Four Questions on Entitlement with Dr. W. Keith Campbell

Dr. W. Keith Campbell is a Professor and head of the Psychology Department at the kcampbell06University of Georgia.  He received his Ph.D. from the University of North Carolina-Chapel Hill.  He began studying narcissism in graduate school and then began to focus, specifically, on entitlement during his postdoc.  He published his first pager on the topic, Psychological Entitlement: Interpersonal Consequences and Validation of a Self-Report Measure, in a 2004 issue of the Journal of Personality Assessment.

You can learn more about Dr. Campbell here.

1.     What is entitlement and how is it associated with anger?

We have defined “psychological entitlement” as a pervasive sense that one deserves more than others or special treatment. Our approach is a trait approach that comes out of the narcissism tradition. There are other way to look at entitlement, including some who conceptually separate entitlement from deservingness, and others who focus on more socially legitimate forms of entitlement vs. more pathological.

With psychological entitlement as with narcissism anger is usually triggered by some ego threat. So, for example, if a highly entitled person is not treated with what he considers appropriate deference – or his needs are no met rapidly – anger is likely to result.

2.     What would you estimate is the most common misconception about entitlement?
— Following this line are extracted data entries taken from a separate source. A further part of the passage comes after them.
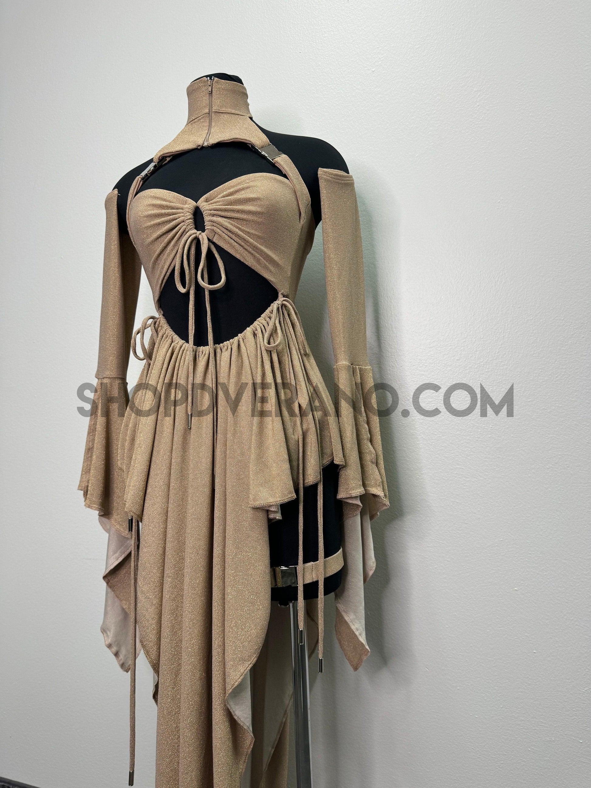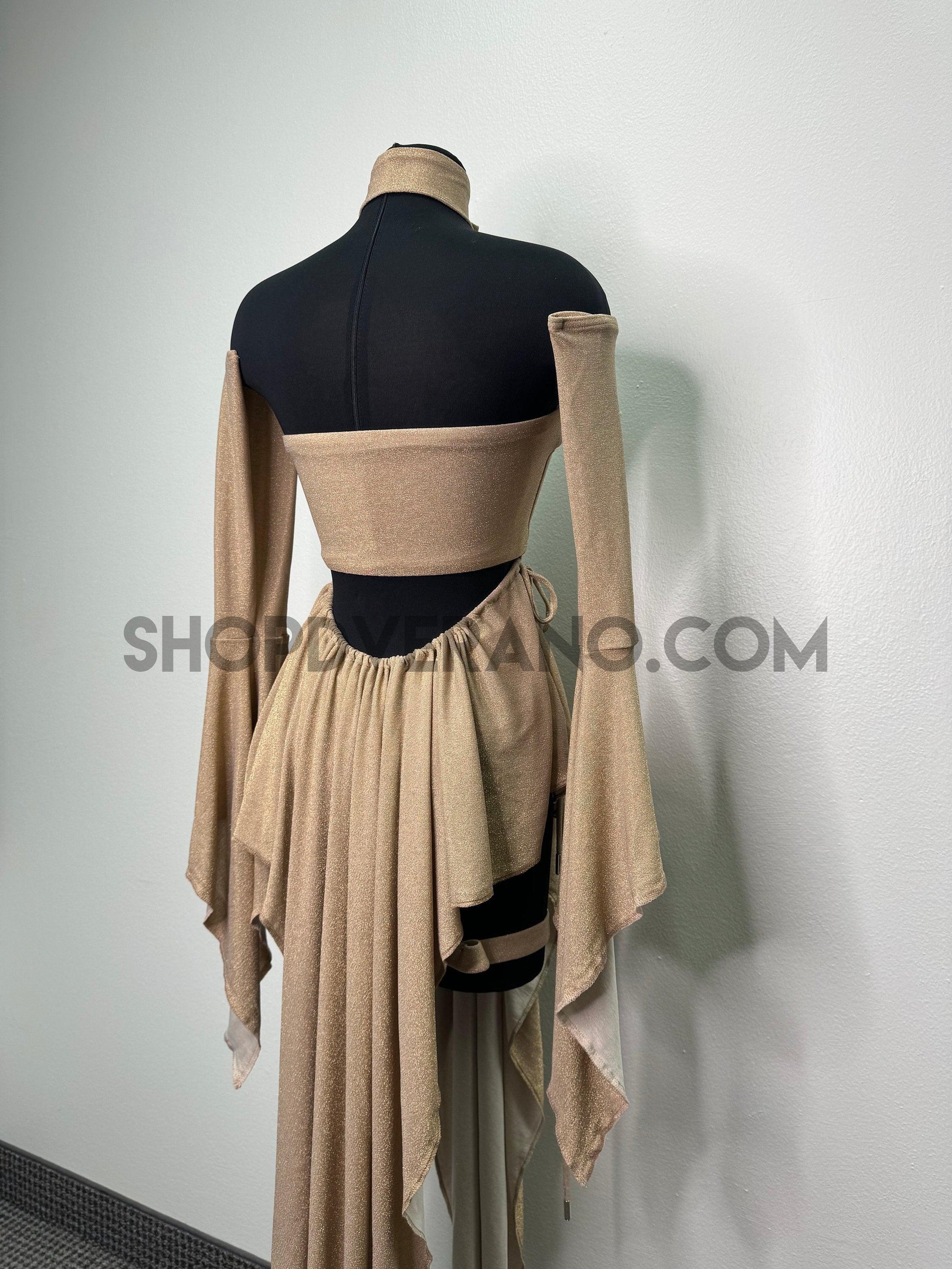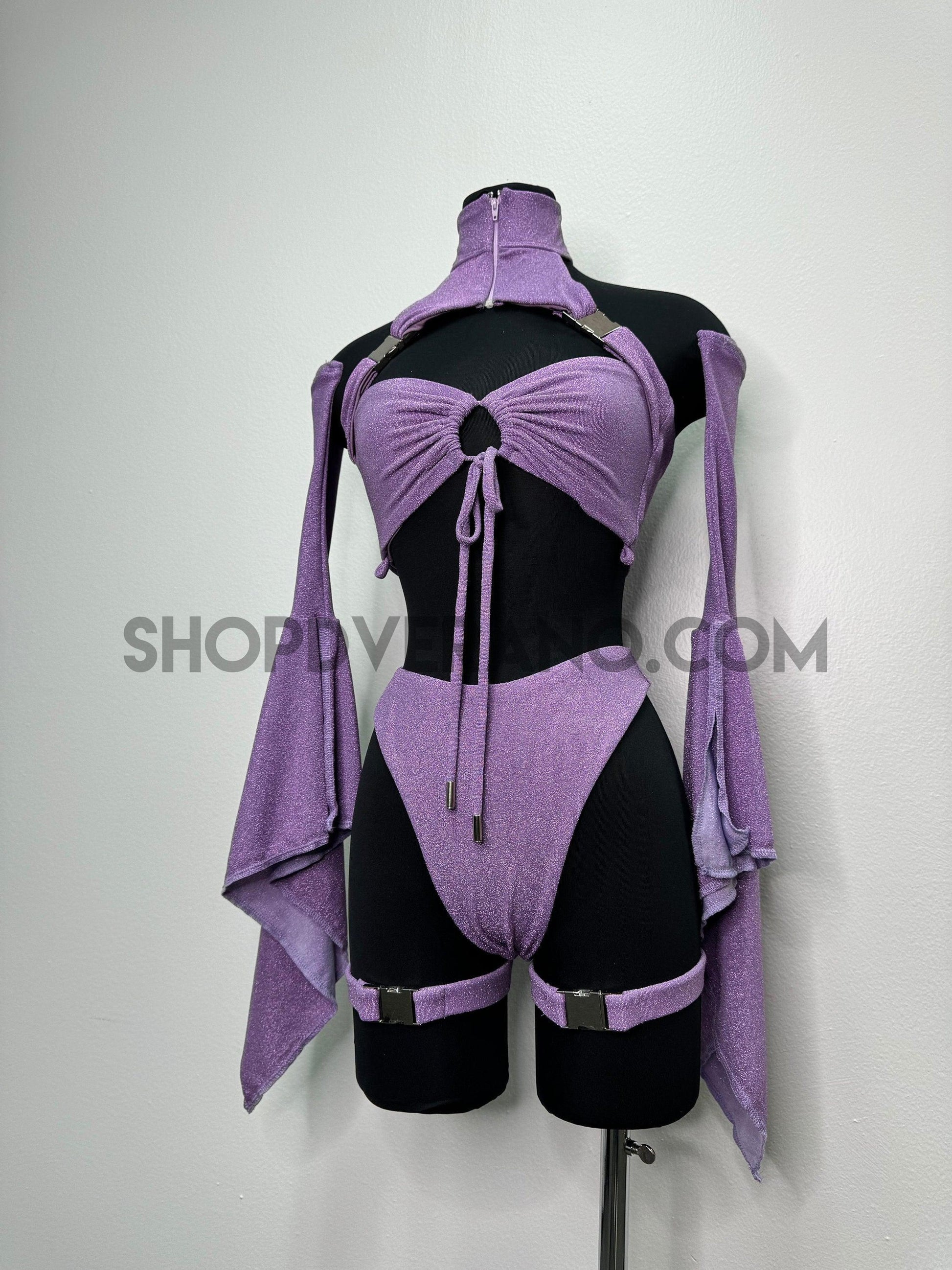 Introducing our new Rave Fairy Goddess Dress with leg Buckles - the perfect festival suit to elevate your party game. Made from Polyester Lurex Spandex, this rave outfit is designed to hug your curves in all the right places while ensuring breathability for hours of dancing and partying. It comes in a complete set, including unique top, removable skirt, bikini bottom, removable sleeves and leg buckles to add the perfect touch. This festival outfit is available in XS -4X sizes, making it a versatile option for all body types.
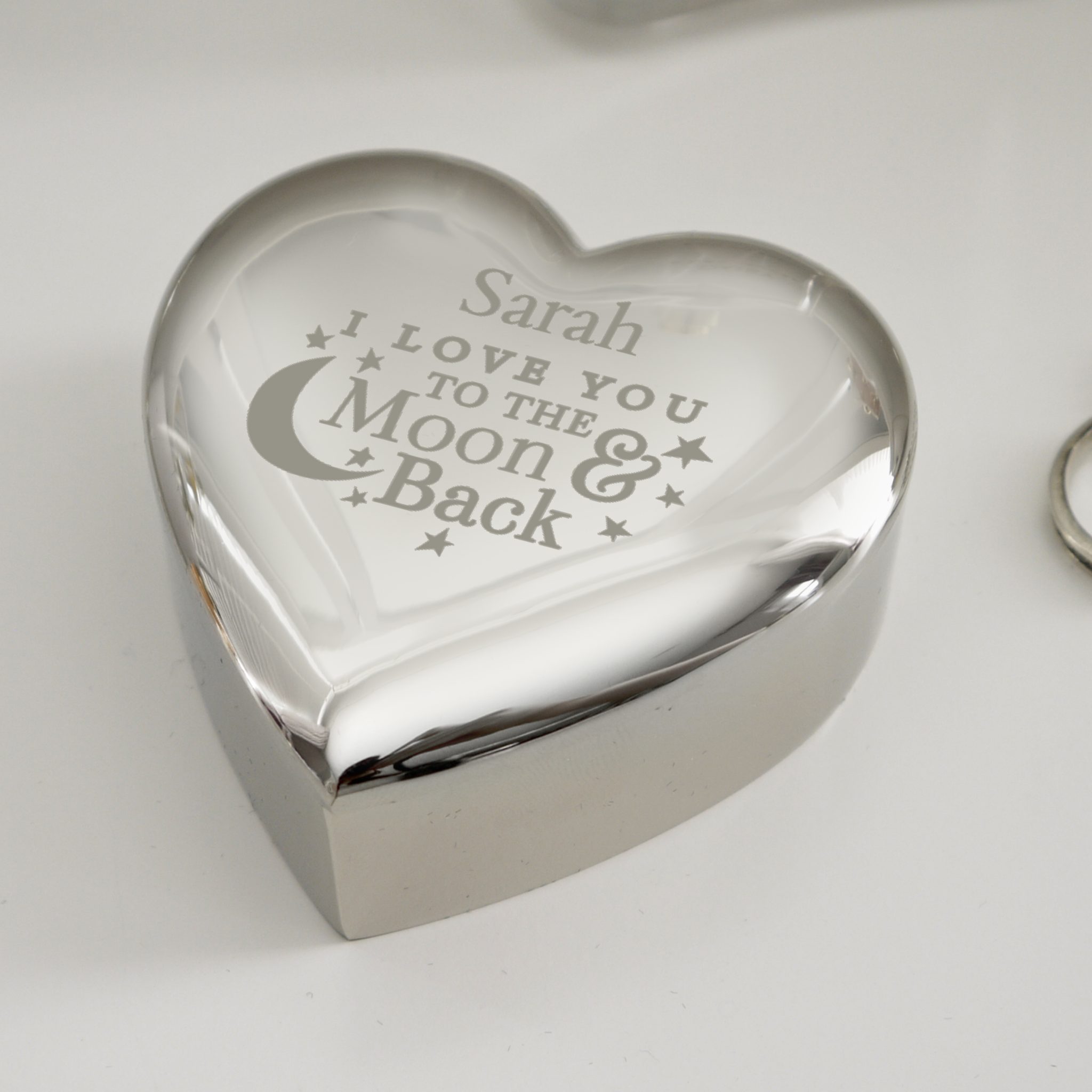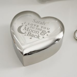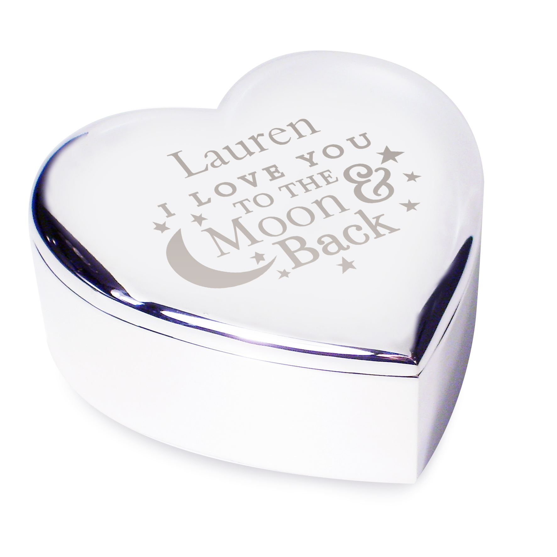 Personalise this charming Heart Trinket box with a Name up to 12 characters The text ‘I Love You TO THE Moon & Back’ is fixed Fabric Lined Trinket is Nickel plated.
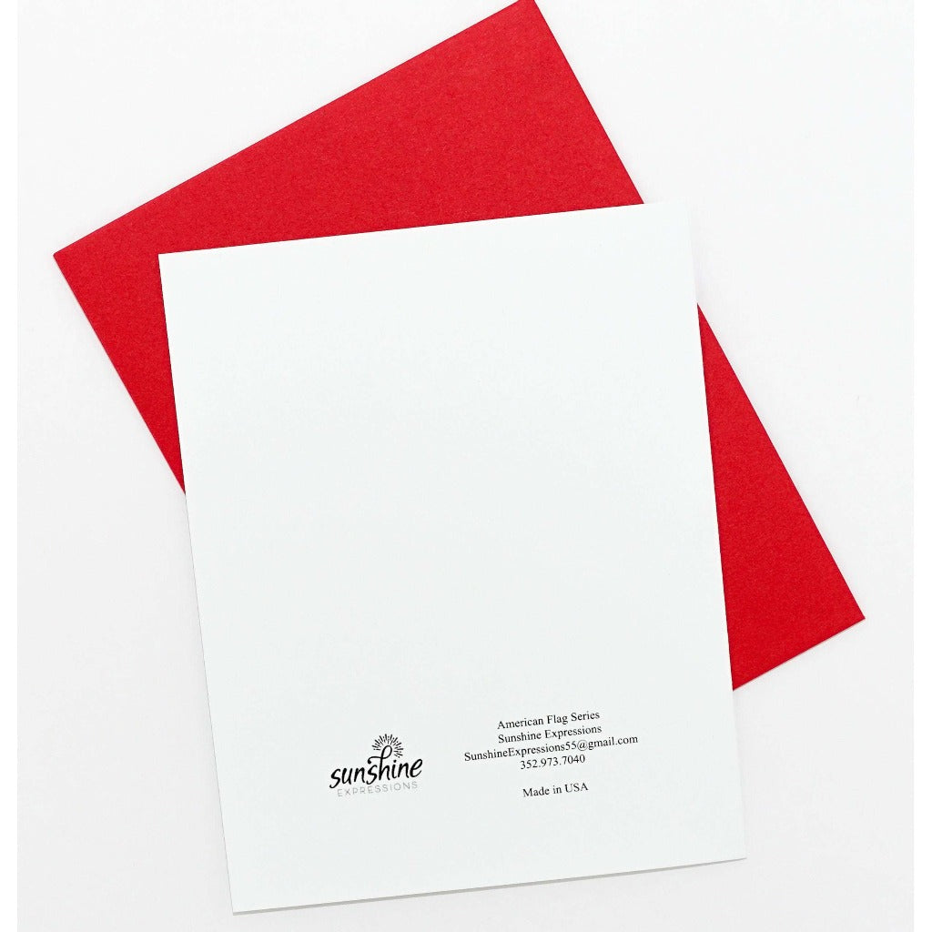 Make it Personal: The American flag is a symbol of freedom and liberty. Writing on an American flag note card with an encouraging message from you with Sunshine Expressions means the message you write will be even more special and unique. Writing your own messages of love, praise, encouragement, or support the receiver will surely feel your thoughtfulness.
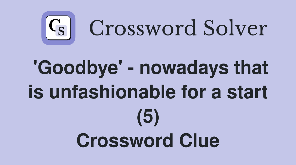 'Goodbye' nowadays that is unfashionable for a start (5) Crossword

I think the challenge is knowing when a person should feel entitled and should not. There is a balance is life about being treated fairly and reasonably, which most of us want, and being treated better than others, which people with high levels of entitlement want. In general I think high levels of entitlement are a problem, but low levels can possibly be a problem in some circumstances.

3.     If there was one thing you would want people to understand about entitlement, what would it be?

Being entitled can sometimes get you special treatment — demanding a special hotel room or service at a restaurant sometimes works. But, in general, people don’t like entitled people and entitled people are not all that happy.

4.     Do you have advice or other thoughts for people who feel entitled or who live, work, etc. with someone who is entitled?

Sometimes thinking in larger terms helps reduce entitlement: There are 7 billion people sharing this planet right now and each of us is only one. Most of us are not that special and shouldn’t expect the world to treat us as such.

Dealing with entitled individuals is a challenge. Often, people will just exclude them from activities, not want to work with them, etc. If it is a friend, a discussion about selfishness might be useful. And I am a fan of nature as a teacher. Nature doesn’t care who you are — it treats everyone the same way.